(Beginning of Material provided)

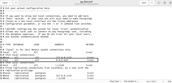 2:pg_hba.conf配置(trust代表不需要密码,md5代表需要密码)
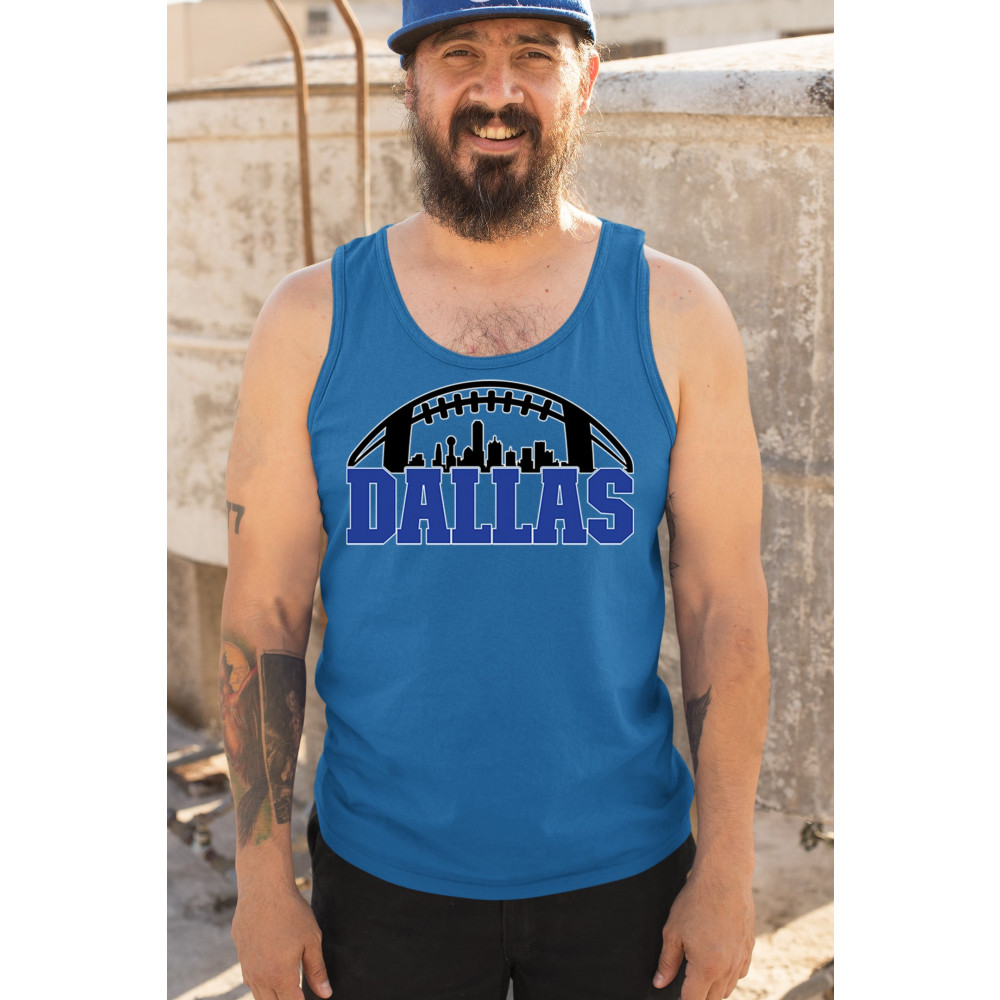 Show off your Dallas pride with a bold football-themed design featuring the city's skyline. Perfect for game days, tailgates, and passionate fans.
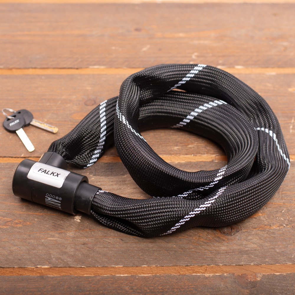 Dit zware Viking kettingslot van Falkx is betaalbaar en van zeer goede kwaliteit! Het fietsslot heeft een lengte van 110 centimeter, 8,3 millimeter dikke schakels en een zwarte beschermhoes. Het sterke kettingslot heeft het ART-2 keurmerk toegekend gekregen.
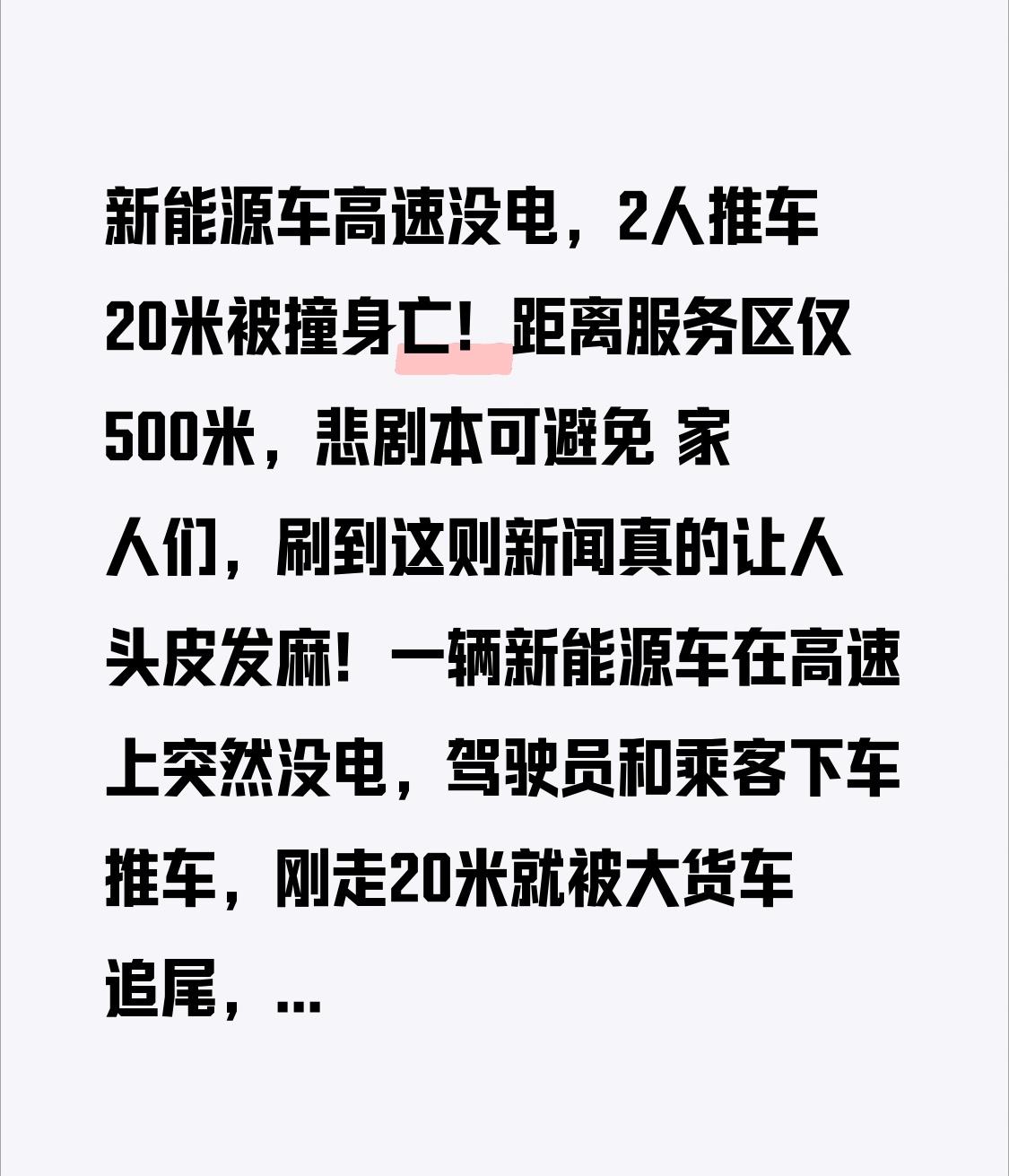 新能源车高速没电,2人推车20米被撞身亡!距离服务区仅500米,悲剧本可避免 家人们,刷到这则新闻真的让人头皮发麻!一辆新能源车在高速上突然没电,驾驶员和乘客下车推车,刚走20米就被大货车追尾,两人当场身亡。更让人扼腕的是,事发地距离最近的服务区只剩500米,而这场悲剧,本是一连串侥幸心理酿成的致命失误。 广东交警通报的细节,每一个都戳心。驾驶员林某出发前就知道车辆电量只够开80公里,乘客当场建议先充电再上高速,他不听;行驶途中先后经过两个服务区,乘客反复提醒补能,他还是抱着侥幸心理往前冲。直到车辆在慢车道彻底失电,他没做任何安全警示,反而拉着乘客直接下车推车,最终在凌晨的视线盲区里,被后方货车撞上,两条生命戛然而止。 可能有人会说“新能源车续航不靠谱”,但真正的杀手不是电量,而是错误的应急操作!根据交通法规,高速车辆故障后,正确做法就四步:车靠边、快警示、人撤离、即报警。应该先用惯性把车挪到应急车道,打开双闪,在车后150米处放三角警示牌,所有人立刻撤到护栏外,再拨打12122高速救援电话,很多地区15公里内拖车还免费。可林某偏偏选了最危险的方式,把慢车道当成了停车场,把自己和乘客置于致命风险中。 更值得警惕的是,冬季新能源车续航会“打折”,高速行驶、开空调都会加速耗电,这是很多车主容易忽视的点 。杭州就曾发生过新能源货车因低温续航腰斩,在高速弯道趴窝的险情,幸好交警及时救援才没出大事 。其实只要记住“电量低于30%就找服务区”,提前规划充电站点,就能避免半路失电;就算真的没电,也绝不能在行车道推车、逗留,这不是省钱,是拿命赌。 两条生命的逝去,给所有新能源车车主敲响了警钟:续航焦虑不可怕,安全意识缺失才致命。不管开燃油车还是新能源车,上高速前查车况、规划路线,遇到故障守规则,都是对自己和他人的负责。 希望这样的悲剧再也不要发生,也愿每个司机都能把“安全第一”刻在心里。你开新能源车跑过高速吗?
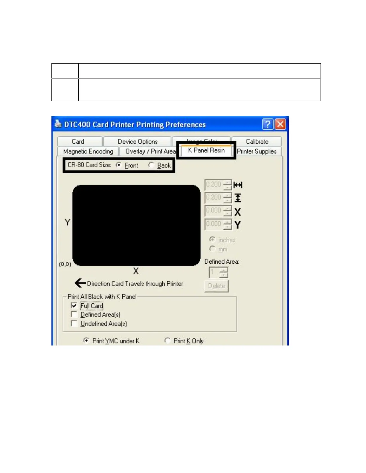 Select the Full Card option for the Printer Driver to print the resin black (K) panel
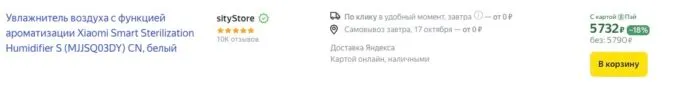 Обычно за увлажнитель воздуха Xiaomi Smart Sterilization Humidifier S просят около 7 тысяч, но сейчас его можно купить на Яндекс Маркете всего за 5790 рублей. Также не забывайте, что многие банки предлагают солидный кэшбек за покупки на этой платформе.
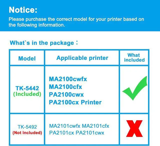 Compatible Printers: Replacement for Kyocera ECOSYS MA2100cwfx MA2100cfx PA2100cwx PA2100cx Printer

(End of Material provided)

## Exercise instructions
Starting with the line that contains "Обычно за увлажнитель", give the lines again exactly as they appear through the last line of the data, pictures excluded.

## Task result
 Обычно за увлажнитель воздуха Xiaomi Smart Sterilization Humidifier S просят около 7 тысяч, но сейчас его можно купить на Яндекс Маркете всего за 5790 рублей. Также не забывайте, что многие банки предлагают солидный кэшбек за покупки на этой платформе.
 Compatible Printers: Replacement for Kyocera ECOSYS MA2100cwfx MA2100cfx PA2100cwx PA2100cx Printer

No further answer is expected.